## What is expected:
With the images removed, transcribe the listing that follows exactly.

════════════════

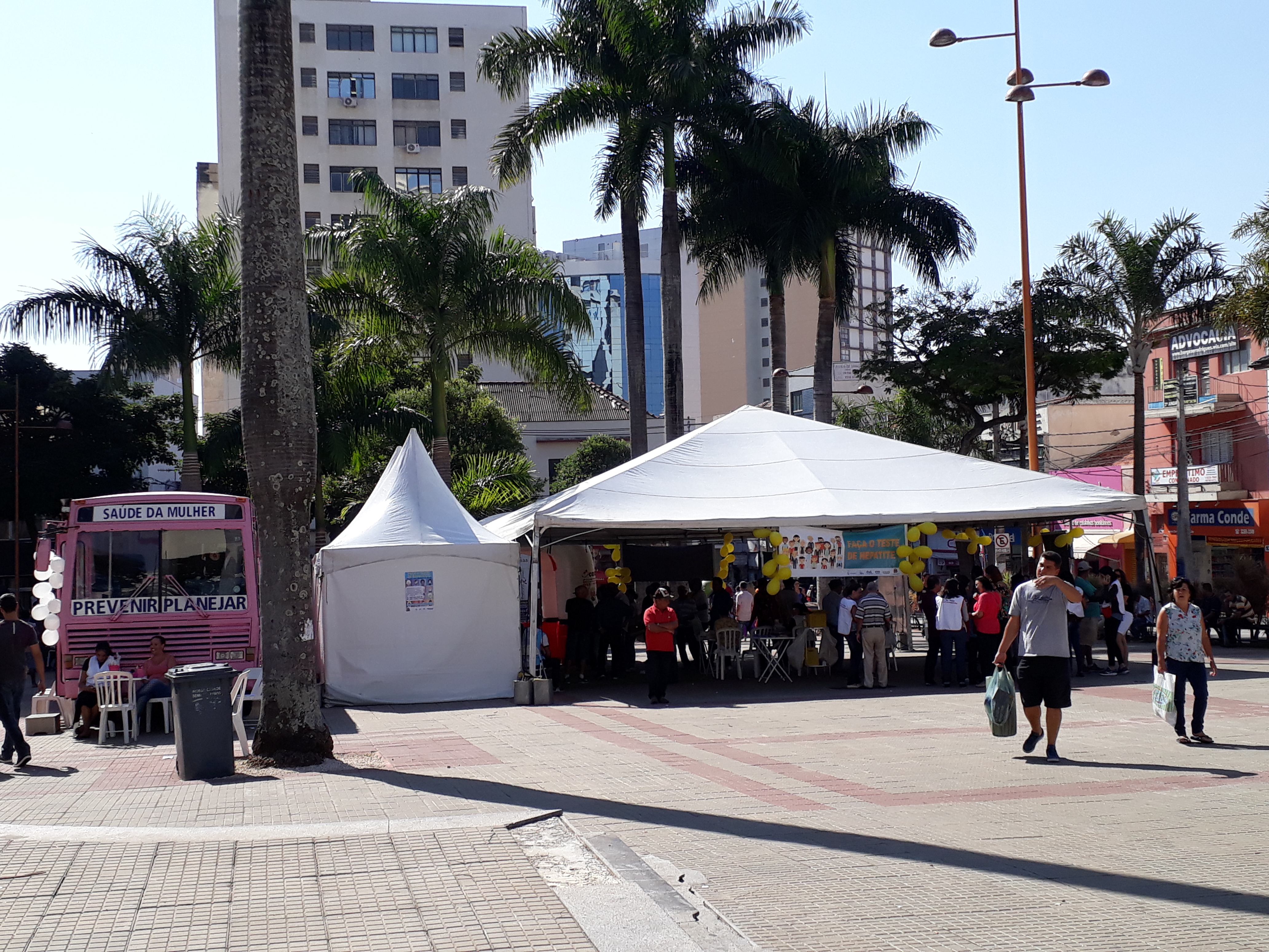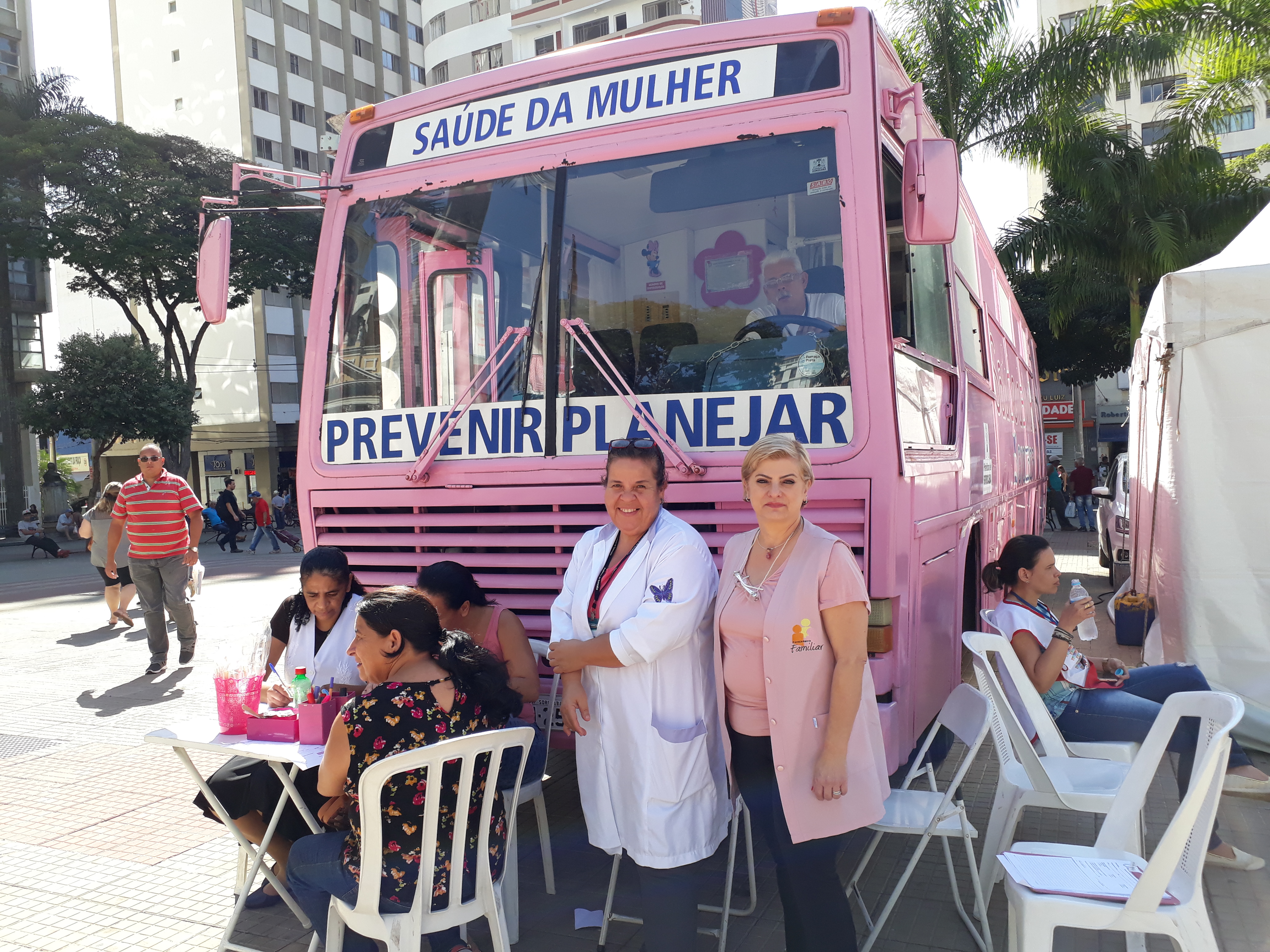 O Ônibus Rosa, unidade móvel da Secretaria da Saúde de Sorocaba, também ficou à disposição das mulheres na Praça Coronel Fernando Prestes, durante a campanha contra a Hepatite C.
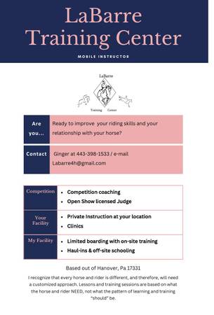 LaBarre Training Center is now both mobile- lessons given at your farm- and onsite in Hanover, Pa.
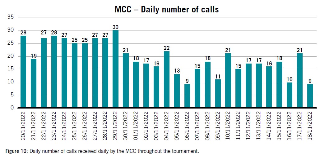 This setup enabled the development and installation of one Medical Command Centre (MCC) that would coordinate all medical matters concerning FWC2022 stakeholders throughout the entire tournament, resulting in substantial advantages from both the organiser and event owner perspective. The Medical Command Centre was considered the brain of the medical services provision and used a “hub and spoke” model. Critical incidents occurring within Qatar were fed to the MCC, allowing the MCC to strategise any medical event relating to the World Cup, using pre-determined emergency or clinical action plans. The MCC controlled all ambulance movements, organised transfers and admissions, family medicine and specialist appointments for all participants, notified FIFA Medical of all incidents in predefined groups of interest, created daily reports and was the gateway for team doctors in accessing any services, equipment or medication they needed outside of matches.
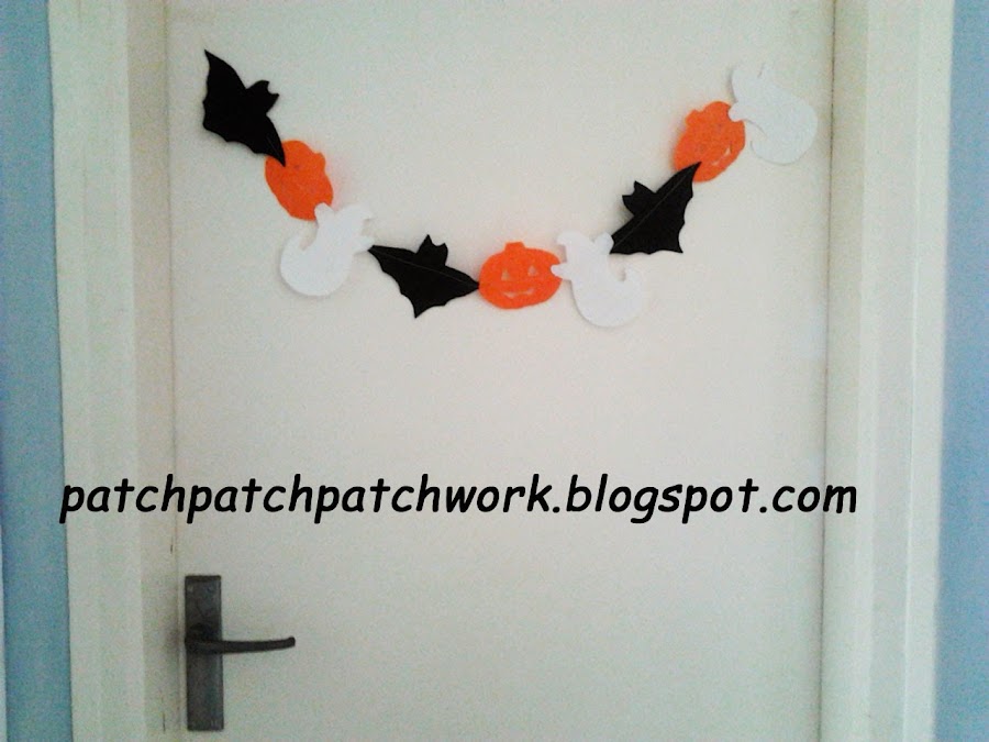 Para ese día tan especial he realizado una guirnalda de fieltro con fantasmas, murciélagos y calabazas.
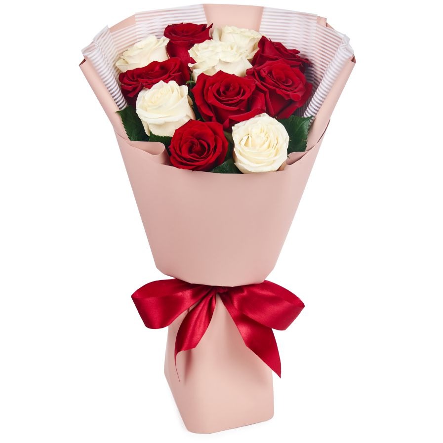 Букет красных и белых роз, 11 шт
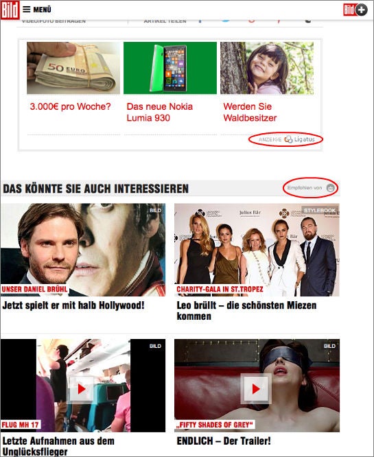 Anzeigen von Ligatus und Content-Empfehlungen von Outbrain auf Bild.de (Screenshot)
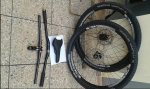 Buenas compañeros, aqui os detallo: cuadro de aluminio con amortiguador FOX FLOAT con tres posiciones Horquilla FOX CTD con tres posiciones y eje Q15 Transmision SLX con cambio trasero XT Frenos SLX Tija KCNC con sillin SAN MARCO ASPIDE ARROWHEAD( a estrenar) Ruedas KASPER, llantas FRM EVO, radios dtsupercomp, bujes KASPER, peso de 1.550, son tubeless, aunque yo uso camaras maxxlite y disco ashima ultralight de 180-160, cubiertas crossmark 2.0- sin pedales. el precio de esta bici son 1.400 euros y regalo los componentes originales sin estrenar, ver foto. Otra opcion, seria la bici totalmente original, con sus ruedas, tija, sillin, manillar.... por 1.000 euros. PORTES A CARGO DEL COMPRADOR Y LA BICI ESTA EN MURCIA cadena, cassete y pastillas llevaran unos 1.800 kms y la bici unos 5.500 Saludos
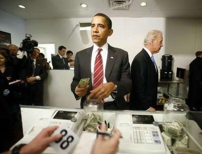 on May 5, 2009. Obama and Biden ordered cheeseburgers with Biden
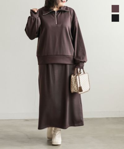 裏シャギーハーフジップ&タイトナロースカートセットのレビュー
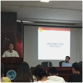 2017年9月18日晚上,“美设院团总支2017−2018学年第一次例会暨新干部见面会”在逸夫楼报告厅举行。我院党总支书记谢光绎、党总支副书记易俊、团总支书记刘国杰出席了会议,全体团总支学生干部参加了会议。会议由刘国杰老师主持。
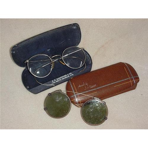 A pair of early 20th century eyeglasses with glass lenses with bifocals and white gold filled frames. Original case signed glasses by Hantover. Also, and in they're own case, a pair of clip on sunglasses with green glass lenses that clip onto the frames. Great for the eyeglass collector.
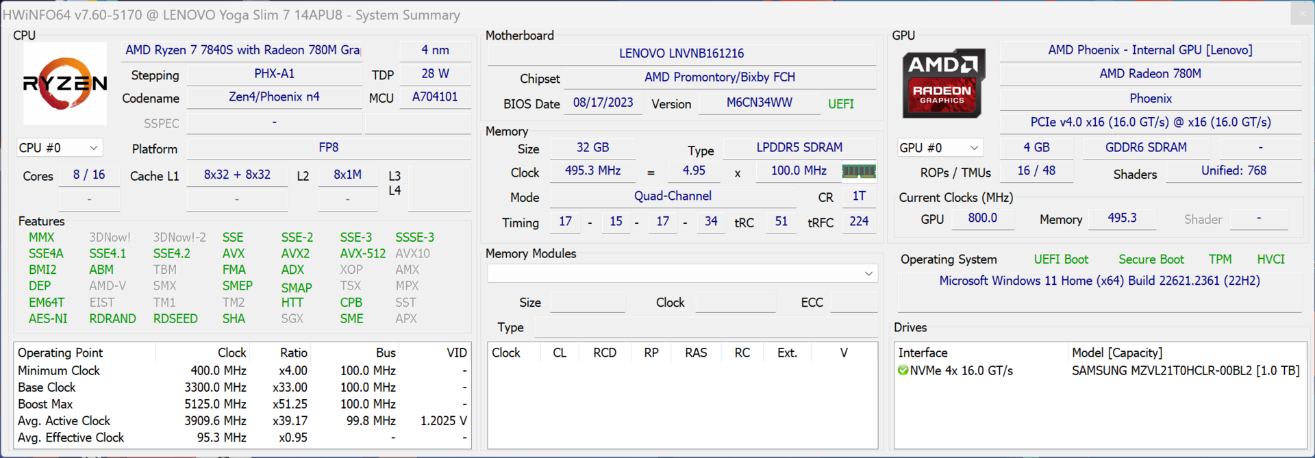Der Prozessor mit der Bezeichnung Ryzen 7 7840S kommt exklusiv in Lenovo-Laptops zum Einsatz, einen technischen Unterschied zum Ryzen 7 7840HS konnten wir aber nicht erkennen. Lediglich die minimale TDP kann Lenovo auch unter 35 Watt setzen und hat damit mehr Spielraum bei den Energieprofilen, was der Hersteller auch ausnutzt. Im Höchstleistungsmodus ist die Leistung auch sehr gut und gerade die Multi-Core-Leistung ist den aktuellen Intel-CPUs in diesem TDP-Bereich klar überlegen, doch ehrlicherweise muss man auch sagen, dass die Kühlung in dem dünnen Gehäuse mit diesem Prozessor eigentlich etwas überfordert ist. Wenn man die Leistung wirklich abruft wird es schnell laut und das Gehäuse wärmt sich stark auf. Im Alltag kann man dem mit den schwächeren Energieprofilen zwar entgegenwirken, alles in allem wäre ein U-Serie-Prozessor aber die bessere Wahl für die Kühlung gewesen.

════════════════

## Solution to the problem:
 O Ônibus Rosa, unidade móvel da Secretaria da Saúde de Sorocaba, também ficou à disposição das mulheres na Praça Coronel Fernando Prestes, durante a campanha contra a Hepatite C.
 LaBarre Training Center is now both mobile- lessons given at your farm- and onsite in Hanover, Pa.
 This setup enabled the development and installation of one Medical Command Centre (MCC) that would coordinate all medical matters concerning FWC2022 stakeholders throughout the entire tournament, resulting in substantial advantages from both the organiser and event owner perspective. The Medical Command Centre was considered the brain of the medical services provision and used a “hub and spoke” model. Critical incidents occurring within Qatar were fed to the MCC, allowing the MCC to strategise any medical event relating to the World Cup, using pre-determined emergency or clinical action plans. The MCC controlled all ambulance movements, organised transfers and admissions, family medicine and specialist appointments for all participants, notified FIFA Medical of all incidents in predefined groups of interest, created daily reports and was the gateway for team doctors in accessing any services, equipment or medication they needed outside of matches.
 Para ese día tan especial he realizado una guirnalda de fieltro con fantasmas, murciélagos y calabazas.
 Букет красных и белых роз, 11 шт
 Anzeigen von Ligatus und Content-Empfehlungen von Outbrain auf Bild.de (Screenshot)
 Buenas compañeros, aqui os detallo: cuadro de aluminio con amortiguador FOX FLOAT con tres posiciones Horquilla FOX CTD con tres posiciones y eje Q15 Transmision SLX con cambio trasero XT Frenos SLX Tija KCNC con sillin SAN MARCO ASPIDE ARROWHEAD( a estrenar) Ruedas KASPER, llantas FRM EVO, radios dtsupercomp, bujes KASPER, peso de 1.550, son tubeless, aunque yo uso camaras maxxlite y disco ashima ultralight de 180-160, cubiertas crossmark 2.0- sin pedales. el precio de esta bici son 1.400 euros y regalo los componentes originales sin estrenar, ver foto. Otra opcion, seria la bici totalmente original, con sus ruedas, tija, sillin, manillar.... por 1.000 euros. PORTES A CARGO DEL COMPRADOR Y LA BICI ESTA EN MURCIA cadena, cassete y pastillas llevaran unos 1.800 kms y la bici unos 5.500 Saludos
 on May 5, 2009. Obama and Biden ordered cheeseburgers with Biden
 裏シャギーハーフジップ&タイトナロースカートセットのレビュー
 2017年9月18日晚上,“美设院团总支2017−2018学年第一次例会暨新干部见面会”在逸夫楼报告厅举行。我院党总支书记谢光绎、党总支副书记易俊、团总支书记刘国杰出席了会议,全体团总支学生干部参加了会议。会议由刘国杰老师主持。
 A pair of early 20th century eyeglasses with glass lenses with bifocals and white gold filled frames. Original case signed glasses by Hantover. Also, and in they're own case, a pair of clip on sunglasses with green glass lenses that clip onto the frames. Great for the eyeglass collector.
Der Prozessor mit der Bezeichnung Ryzen 7 7840S kommt exklusiv in Lenovo-Laptops zum Einsatz, einen technischen Unterschied zum Ryzen 7 7840HS konnten wir aber nicht erkennen. Lediglich die minimale TDP kann Lenovo auch unter 35 Watt setzen und hat damit mehr Spielraum bei den Energieprofilen, was der Hersteller auch ausnutzt. Im Höchstleistungsmodus ist die Leistung auch sehr gut und gerade die Multi-Core-Leistung ist den aktuellen Intel-CPUs in diesem TDP-Bereich klar überlegen, doch ehrlicherweise muss man auch sagen, dass die Kühlung in dem dünnen Gehäuse mit diesem Prozessor eigentlich etwas überfordert ist. Wenn man die Leistung wirklich abruft wird es schnell laut und das Gehäuse wärmt sich stark auf. Im Alltag kann man dem mit den schwächeren Energieprofilen zwar entgegenwirken, alles in allem wäre ein U-Serie-Prozessor aber die bessere Wahl für die Kühlung gewesen.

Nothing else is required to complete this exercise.